Task statement -
Transcribe only the part of the material below that begins at the line containing "- MESS-FREE: With" and ends at the line containing "Vyzkoušeli si mj.", with both kept and images left out.

Data to examine -
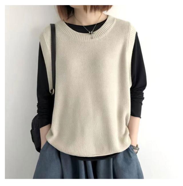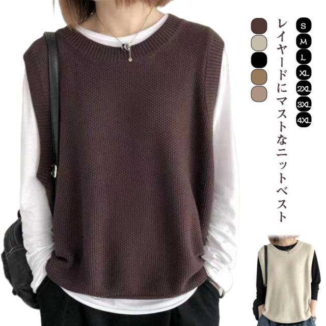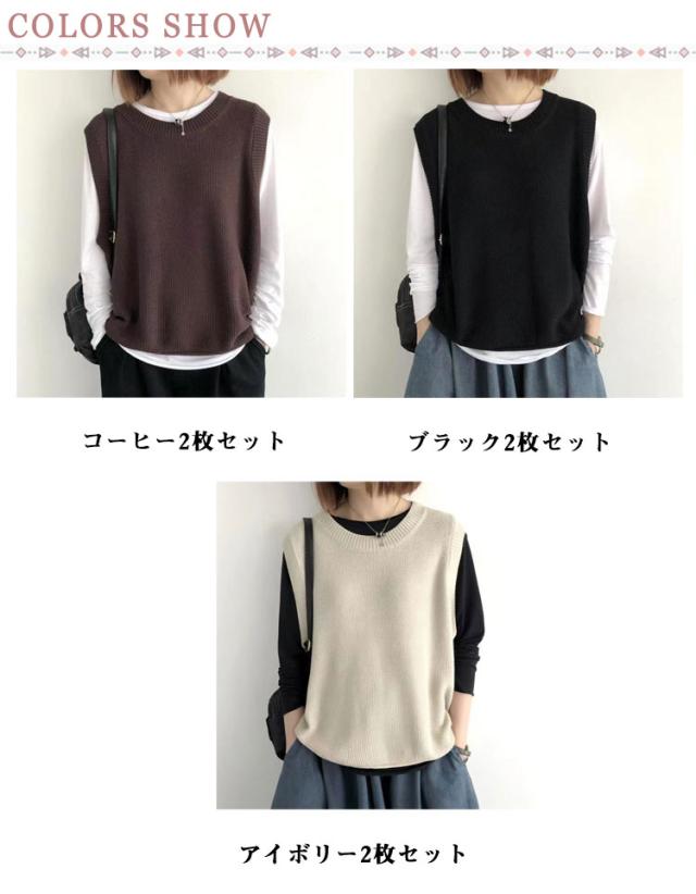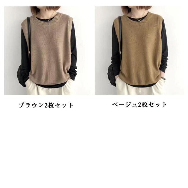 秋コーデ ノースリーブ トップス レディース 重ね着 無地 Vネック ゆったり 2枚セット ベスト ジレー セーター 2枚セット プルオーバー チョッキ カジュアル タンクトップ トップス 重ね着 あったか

...

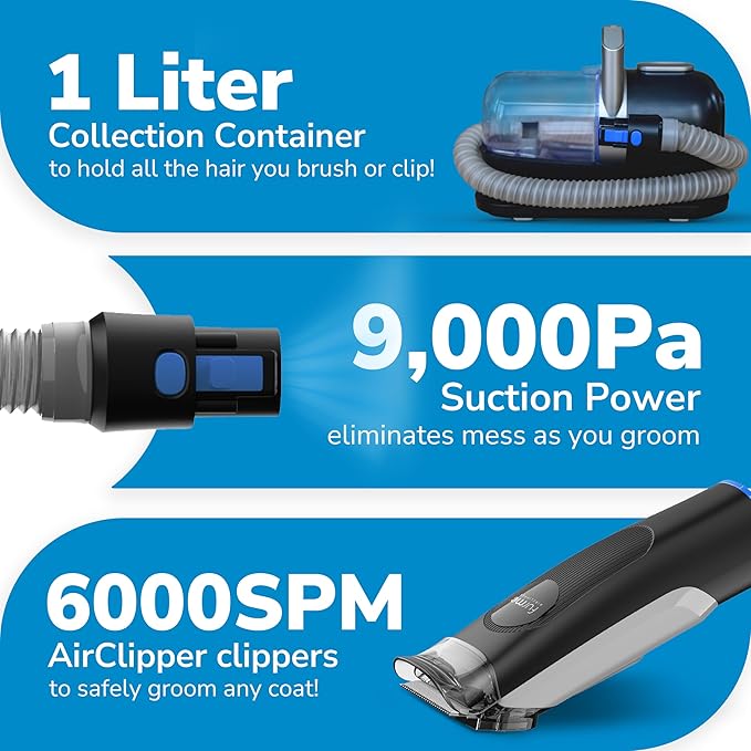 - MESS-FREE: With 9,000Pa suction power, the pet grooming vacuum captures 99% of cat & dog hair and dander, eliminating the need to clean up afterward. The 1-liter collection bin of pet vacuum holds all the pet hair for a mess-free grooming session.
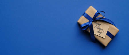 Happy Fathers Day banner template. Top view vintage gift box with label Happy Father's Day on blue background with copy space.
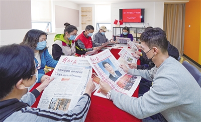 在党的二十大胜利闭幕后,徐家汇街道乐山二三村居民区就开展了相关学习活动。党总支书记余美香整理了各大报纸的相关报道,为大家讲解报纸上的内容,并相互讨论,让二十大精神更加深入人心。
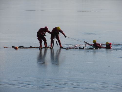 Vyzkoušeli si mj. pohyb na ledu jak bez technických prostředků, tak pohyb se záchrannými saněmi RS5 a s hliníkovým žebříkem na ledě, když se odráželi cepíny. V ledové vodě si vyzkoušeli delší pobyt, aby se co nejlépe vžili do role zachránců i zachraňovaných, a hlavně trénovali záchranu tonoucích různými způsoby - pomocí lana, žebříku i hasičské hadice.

Task result -
 - MESS-FREE: With 9,000Pa suction power, the pet grooming vacuum captures 99% of cat & dog hair and dander, eliminating the need to clean up afterward. The 1-liter collection bin of pet vacuum holds all the pet hair for a mess-free grooming session.
 Happy Fathers Day banner template. Top view vintage gift box with label Happy Father's Day on blue background with copy space.
 在党的二十大胜利闭幕后,徐家汇街道乐山二三村居民区就开展了相关学习活动。党总支书记余美香整理了各大报纸的相关报道,为大家讲解报纸上的内容,并相互讨论,让二十大精神更加深入人心。
 Vyzkoušeli si mj. pohyb na ledu jak bez technických prostředků, tak pohyb se záchrannými saněmi RS5 a s hliníkovým žebříkem na ledě, když se odráželi cepíny. V ledové vodě si vyzkoušeli delší pobyt, aby se co nejlépe vžili do role zachránců i zachraňovaných, a hlavně trénovali záchranu tonoucích různými způsoby - pomocí lana, žebříku i hasičské hadice.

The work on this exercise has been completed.